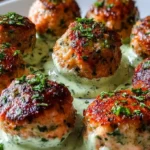 Delicious baked salmon meatballs served with a creamy avocado sauce, rich in flavor and healthy nutrients.
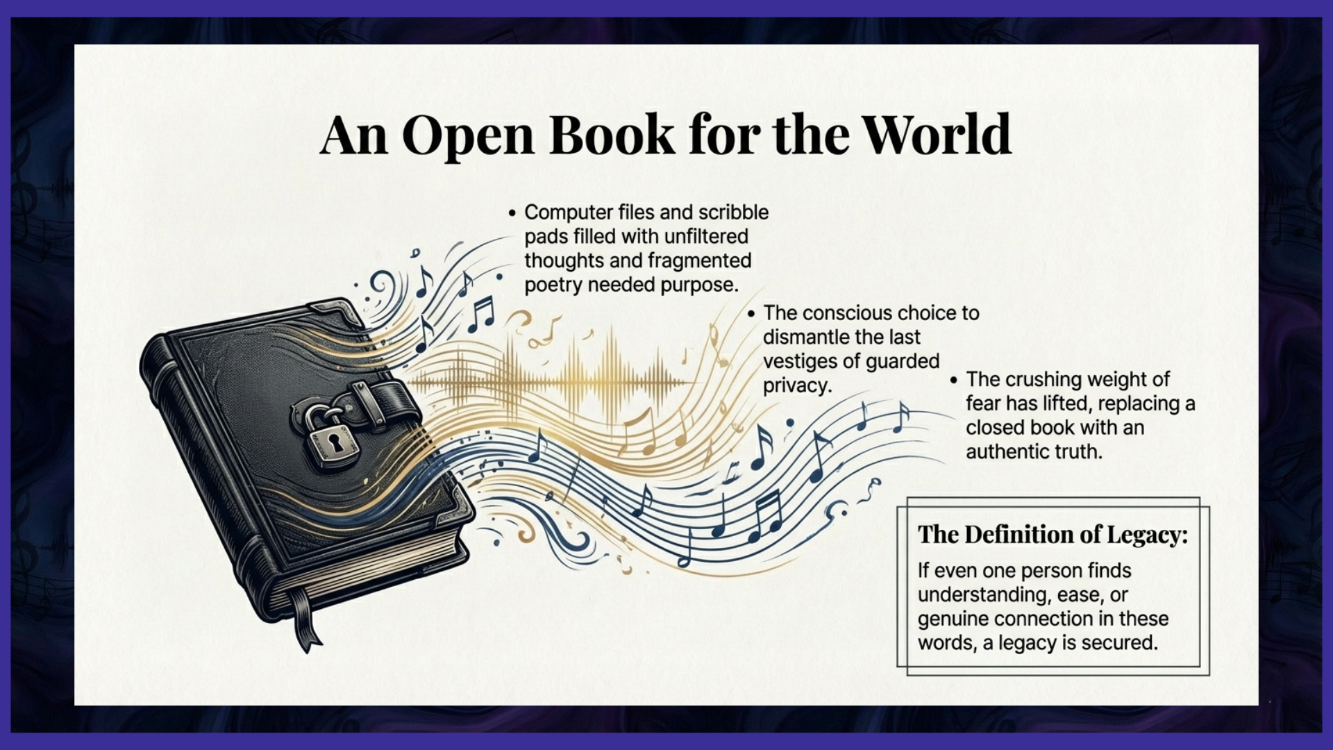 I understand that some may wonder why I am now doing this, why I am choosing to dismantle the last vestiges of my carefully guarded privacy. The answer lies in the countless hours I have spent in introspection, meticulously writing down my thoughts, exploring the myriad "what ifs," and contemplating what actions I would take if granted a second chance at a truly lived life. Right now, I believe, with a profound sense of urgency, that I have no legacy, nothing tangible or intangible to leave my mark on this world. This, then, is my desperate attempt to forge one. I want this to be my legacy: all these files on my computer, filled with raw, unfiltered thoughts, the scribble pads overflowing with random reflections and fragmented poetry. They have to be worth something, something by which I can be remembered, something that speaks of a life, however flawed, that was lived and deeply felt. And if someone, somewhere, is put at ease, finds a flicker of understanding, or experiences a moment of genuine connection by something they see or read from me, then there's my legacy that's how I will be remembered. The crushing weight of fear, which once dictated every choice, has finally lifted. My closed book of thoughts, once meticulously guarded and hidden from prying eyes, is now an open one for the world to see, a testament to a life finally embracing its authentic truth.
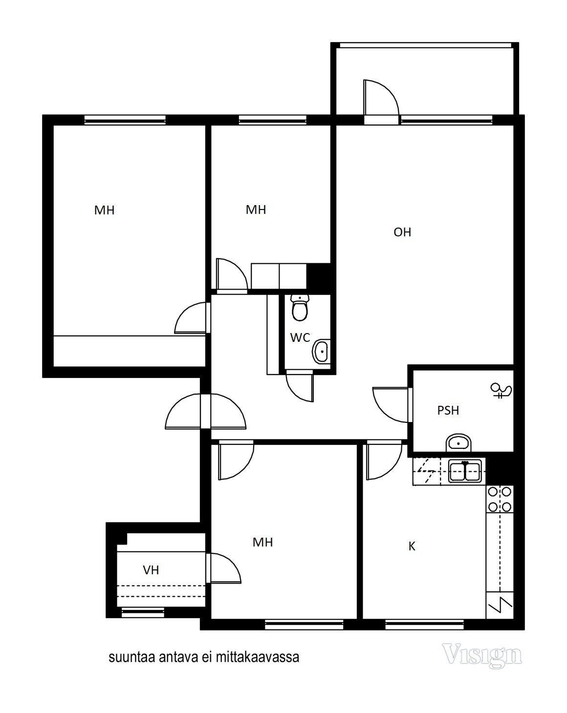 Asunnossa on kolme makuuhuonetta, jotka tarjoavat runsaasti tilaa perheelle. Olohuone ja keittiö ovat valoisia ja avaria. Keittiössä on kaikki tarvittavat varusteet, kuten jääkaappipakastin, liesi ja astianpesukone. Kylpyhuoneessa on suihku ja pesukoneliitäntä, ja erillinen WC tuo lisämukavuutta arkeen.
★ ★ ★ ★ ★
**Task to carry out**
Go through the listing above and quote it exactly, apart from its images.

**Exercise response**
 Delicious baked salmon meatballs served with a creamy avocado sauce, rich in flavor and healthy nutrients.
 I understand that some may wonder why I am now doing this, why I am choosing to dismantle the last vestiges of my carefully guarded privacy. The answer lies in the countless hours I have spent in introspection, meticulously writing down my thoughts, exploring the myriad "what ifs," and contemplating what actions I would take if granted a second chance at a truly lived life. Right now, I believe, with a profound sense of urgency, that I have no legacy, nothing tangible or intangible to leave my mark on this world. This, then, is my desperate attempt to forge one. I want this to be my legacy: all these files on my computer, filled with raw, unfiltered thoughts, the scribble pads overflowing with random reflections and fragmented poetry. They have to be worth something, something by which I can be remembered, something that speaks of a life, however flawed, that was lived and deeply felt. And if someone, somewhere, is put at ease, finds a flicker of understanding, or experiences a moment of genuine connection by something they see or read from me, then there's my legacy that's how I will be remembered. The crushing weight of fear, which once dictated every choice, has finally lifted. My closed book of thoughts, once meticulously guarded and hidden from prying eyes, is now an open one for the world to see, a testament to a life finally embracing its authentic truth.
 Asunnossa on kolme makuuhuonetta, jotka tarjoavat runsaasti tilaa perheelle. Olohuone ja keittiö ovat valoisia ja avaria. Keittiössä on kaikki tarvittavat varusteet, kuten jääkaappipakastin, liesi ja astianpesukone. Kylpyhuoneessa on suihku ja pesukoneliitäntä, ja erillinen WC tuo lisämukavuutta arkeen.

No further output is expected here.